We investigated the regulatory patterns of tRNAs and sRNAs in the context of amino acid starvation. While tRNAs exhibited remarkable stability even under amino acid-deprived conditions, sRNAs displayed a wide range of regulated behaviors.
While it is generally presumed that all tRNA species in E. coli have been identified, the presence of many undefined sRNA genes in the same organism is widely acknowledged. To contribute to closing this knowledge gap within the sRNA field, we developed two methods for the purpose and validated the expression of a novel putative sRNA identified by both methods.
RNA modifications have classically been reserved for the ribosomal RNA (rRNA) and tRNA classes in prokaryotes. However, emerging evidence points to 5' RNA capping as a prevalent modification found on prokaryotic messenger RNAs (mRNAs) and sRNAs. We employed the CapZyme-Seq method to identify capped RNAs in E. coli. Intriguingly, we identified capping of several sRNAs and mRNAs that has not previously been reported. Among these, we validated high capping levels of the sRNA CyaR.

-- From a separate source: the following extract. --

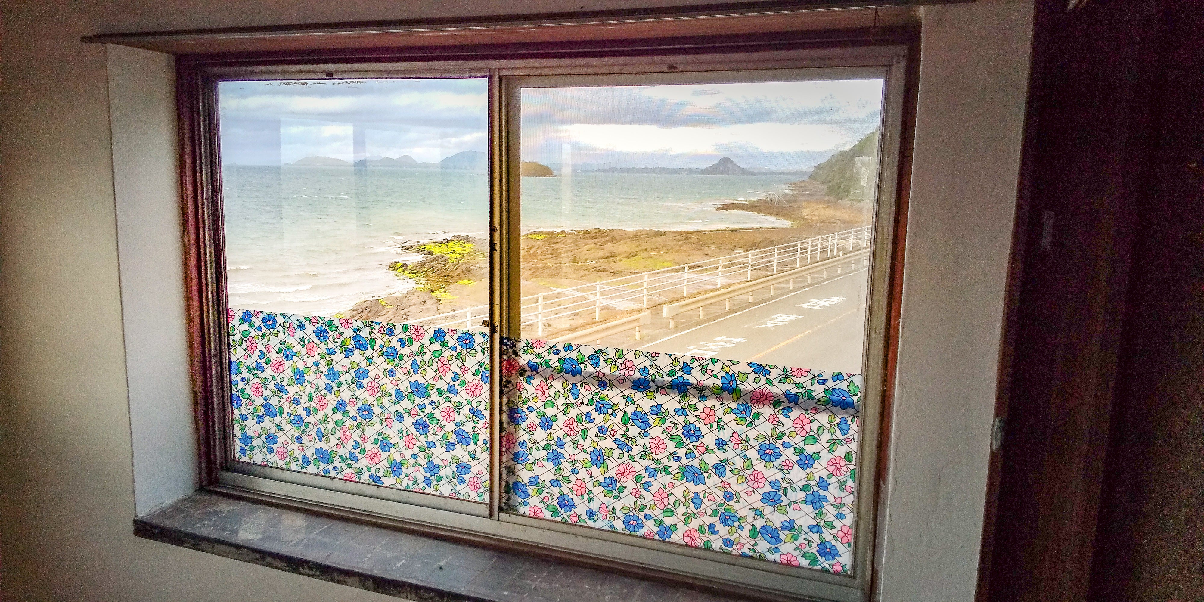 ゲストハウス2階の窓から海と雲仙普賢岳が見えるように改修する予定です。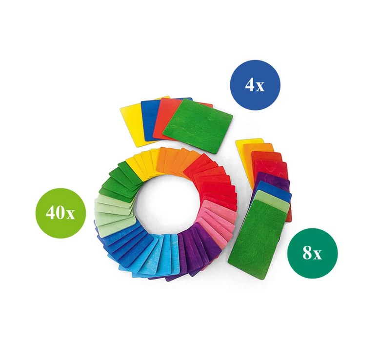 Das Set enthält insgesamt 52 stabile Bauplättchen, die in einem praktischen Holzkasten geliefert werden, der auch als Unterbau dienen kann. Die unterschiedlichen Größen und Farben der Plättchen ermöglichen es den Kindern, ihrer Fantasie freien Lauf zu lassen. Hier sind die Details:

Additionally, we explored potential biases while working with RNA in the laboratory. We identified alarming biases in commonly used RNA extraction methods when using them for extracting RNA from stressed E. coli cultures.

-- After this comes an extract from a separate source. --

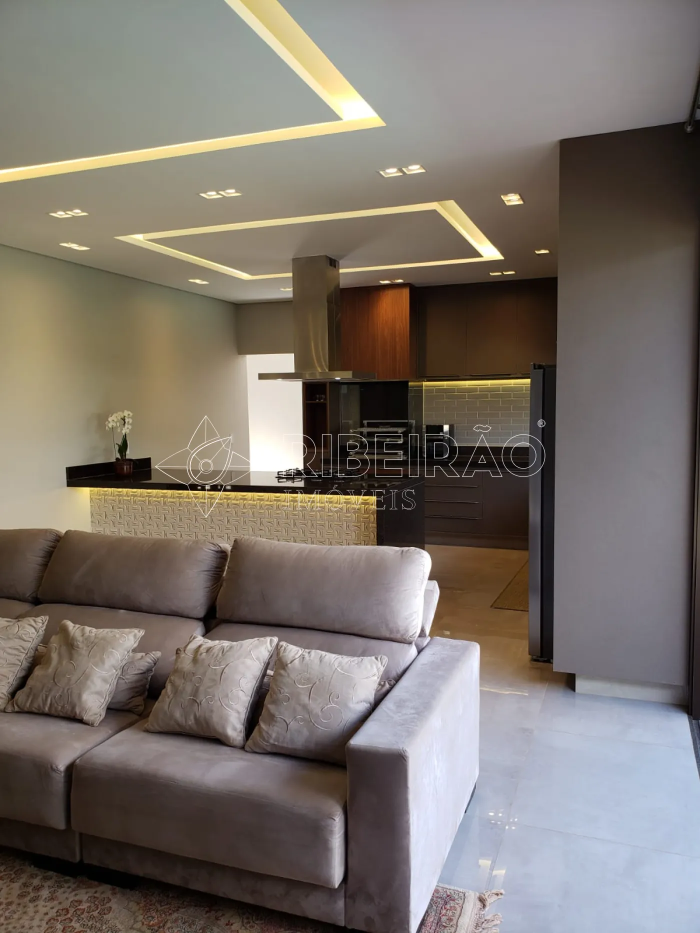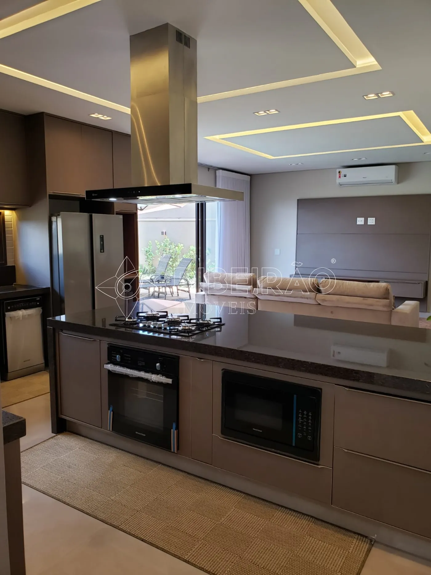 - Cozinha integrada com armários planejados e completa em eletrodomésticos.

Conclusively, this thesis advances our knowledge within the field of untranslated RNAs of E. coli by developing methodologies for identification of putative novel sRNA species, by suggesting a model sRNA candidate for future studies of 5' RNA capping, by exploring the regulation of untranslated RNAs in response to amino acid starvation, and by emphasizing the importance of recognizing and eliminating biases in established experimental approaches.